1973: O.J. Simpson, of the Buffalo Bills, set two NFL records. He carried the ball 39 times and he ran 157 yards putting him over 1,000 yards at the seventh game of the season.

1974: U.S. President Gerald Ford signed a new law forbidding discrimination in credit applications on the basis of sex or marital status

1985: It was announced that Maj. Gen. Samuel K. Doe had won the first multiparty election in Liberia.

1989: A public mourning, involving over 20,000 East Berliners, was observed with a minute of silence for the people who had been killed while trying to flee over the Berlin Wall.

1990: The U.N. Security Council voted to hold Saddam Hussein's regime liable for human rights abuses and war damages during its occupation of Kuwait.

1991: The U.S. Galileo spacecraft became the first to visit an asteroid (Gaspra).

1991: Trade sanctions were imposed on Haiti by the U.S. to pressure the new leaders to restore the ousted President Jean-Bertrand Aristide to power.

1992: Depo Provera, a contraceptive, was approved by the Food and Drug Administration.

1993: A group of U.S. athletes were attacked by skinheads in Germany.

1994: Francisco Martin Duran fired more than two dozen shots at the White House while standing on Pennsylvania Ave. Duran was later convicted of trying to kill U.S. President Clinton.

1995: Palestinians swore revenge for the assassination of Dr. Fathi Shakaki.

1995: Jerry Rice of the San Francisco 49ers became the NFL's career leader in receiving yards with 14,040 yards.

1996: An auction was held to sell the artwork that had been stolen by the Nazis during the German occupation of Austria during World War II.

1998: South Africa's Truth and Reconciliation Commission condemned both apartheid and violence committed by the African National Congress.

1998: The space shuttle Discovery blasted off with John Glenn on board.
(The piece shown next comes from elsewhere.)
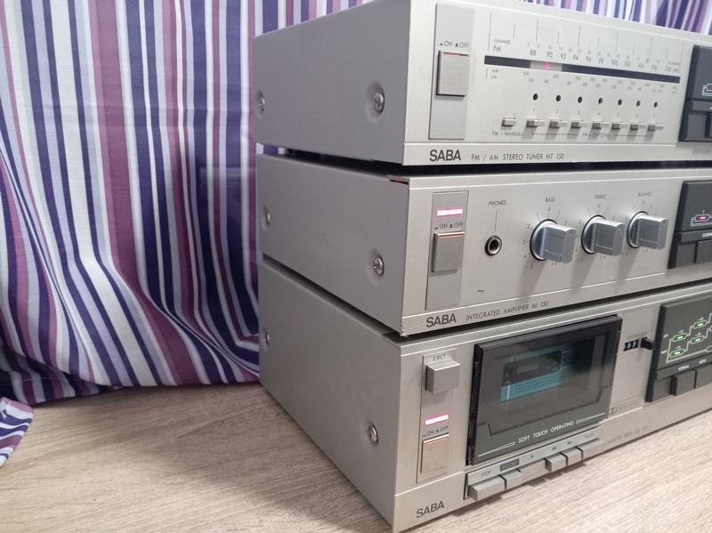Prodajem lijepo očuvanu liniju , komplet 3 odvojivih komponenti SABA 150 , koja se sastoji od pojačala MI150 , kazetnog decka CD150 , te tunera MT150 . Snaga pojačala 2x40w , 8 ohm , loudness . Tuner sa 7 memorijskih mjesta . Deck dolby , normal , chrom , metal . Phono ulaz . Znači , svaka komponenta može biti kombinirana sa bilo kojim drugim komponentama . Prednjica na svim komponentama aluminij . Širina je 44 cm , a težina kompleta oko 12kg . Poželjno osobno preuzimanje uz probu . tel : 099 4722848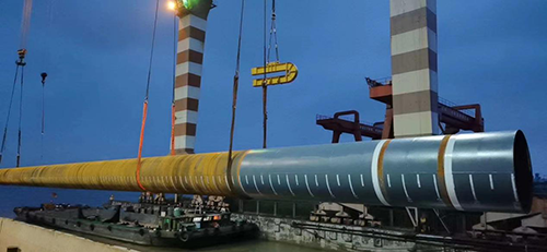 中鐵大橋局汕頭牛田洋項目螺旋鋼管樁,規格為φ3350×25/36mm、φ3144×22mm、φ2840×20mm ,材質為Q355C,單支最長37.9米,總重量約18000噸。鋼管樁樁頂以下15米范圍進行防腐處理,防腐采用熔結環氧粉末工藝,防腐厚度為500μm。由于我司已有五年以上大口徑螺旋和直縫鋼管樁的生產經驗,生產工藝技術非常成熟,生產員工也有豐富的實際工作經驗,產品質量穩定可靠,已經持續供貨12船鋼管樁,用戶非常滿意。

Glenn was 77 years old. In 1962 he became the first American to orbit the Earth.

1998: A Turkish Airlines flight was hijacked and ordered to fly to the Bulgarian capital of Sofia. The plane had 39 people on board.

1998: In Freehold, NJ, Melissa Drexler was sentenced to 15 years in prison for strangling her baby after giving birth in the bathroom at her senior prom.

1998: In London, Tom Cruise and Nicole Kidman accepted a substantial settlement from the Express Newspapers for an article that was run on October 5, 1997. The article claimed that both were homosexual and their marriage was a sham to cover the truth.

1998: James Orr was sentenced to 3 years probation and ordered to do 100 hours of community service for slamming Farrah Fawcett's head to the ground and choking her during a fight.

1998: A dance hall in Goteborg, Sweden, was gutted with fire killing 60 people. 173 were also injured in the fire.

1998: The oldest known copy of Archimedes' work sold for $2 million at a New York auction.

2001: KTLA broadcasted the first coast to coast HDTV network telecast.